In 1894 when Henry featured in another newspaper story, this time in the Coventry Evening Telegraph  of  23 February, he seemed to have given up on the Earl of Essex and was landlord of the Priory Tavern in Bromley-by-bow;

CAUGHT RED -HANDED. At the Thames Police Court Thomas McCarthy was committed for trial on the charge of stealing a watch and part of a gold chain, value £30, the property of Henry Friedman, of the "Priory" Tavern, Bromley. When the prosecutor was closing his house the defendant came up and snatched at his watch chain, getting the watch and part of the chain. He was caught after having put the watch on a window sill.

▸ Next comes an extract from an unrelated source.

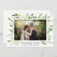 Cette carte de remerciement photo hydrangée blanche est parfaite pour envoyer une photo de vous à votre mariage et transmettre votre amour et merci à tous ceux qui vous ont soutenu dans votre voyage vers le mariage. Sa belle décoration est à la fois moderne et fantaisiste avec une verdure tonitruante et multicolore et des hydrangées bleues est parfait pour tout mariage de printemps ou d'été. Avec il est vierge de retour il ya beaucoup de place pour écrire des notes de remerciement personnelles, adorables à vos amis et votre famille. En quelques secondes, vous pouvez voir comment votre carte de remerciement va apparaître. Sélectionnez Personnalisez ce modèle, téléchargez une image préférée et entrez vos informations pour visualiser vos cartes uniques et magnifiques.

In May 1896 in was Arthur, Henry’s son, who was making headlines, in the South Wales Echo. Surely this exploit made Henry feel uncomfortable in recalling the death of 15 year old Elizabeth Moore almost 30 years earlier.

AN ILL-TIMED ATTEMPT AT SUICIDE -No Train Due for Twenty Minutes.  Arthur Edward Friedmann (27), a clerk, of second-avenue, Manor Park, was charged yesterday at the Stratford Police Court on remand of attempting to commit suicide. The evidence last week was that at 11 40 am on April 28th, the prisoner was at St. James's-s tree t Station, Walthamstow, with a Young lady, and suddenly he jumped on the line, lay down, and put his head on the metal rails of the down line.  Clark, the foreman porter, ran out to the prisoner, who, when lifted up, said, “Leave me alone I'm all right." At the station he said it was all through his girl. He was sober, but had been drinking. The young woman referred to, a Miss Emily Poplar, was now called on subpoena, and said that she was with the prisoner. She said he did not say what he intended doing, but she saw him get down and put his head on the metals. They had had as a little disagreement. —Mr E. R. Cook (chairman): You had a lovers’ quarrel, and he left you and did that? The witness Replied in the affirmative, and added that she knew that the prisoner was subject to fits, and a quantity of liquor made him excited. Mr O. C. Sharman, who appeared for the prisoner, said that no train was due for 20 minutes, and therefore in law there was no attempt to commit felony. The prisoner's friends were present, and would undertake to take charge of the prisoner, who had signed the pledge. The Bench told the prisoner that he had acted very foolishly, And after a further caution as to the future discharged him.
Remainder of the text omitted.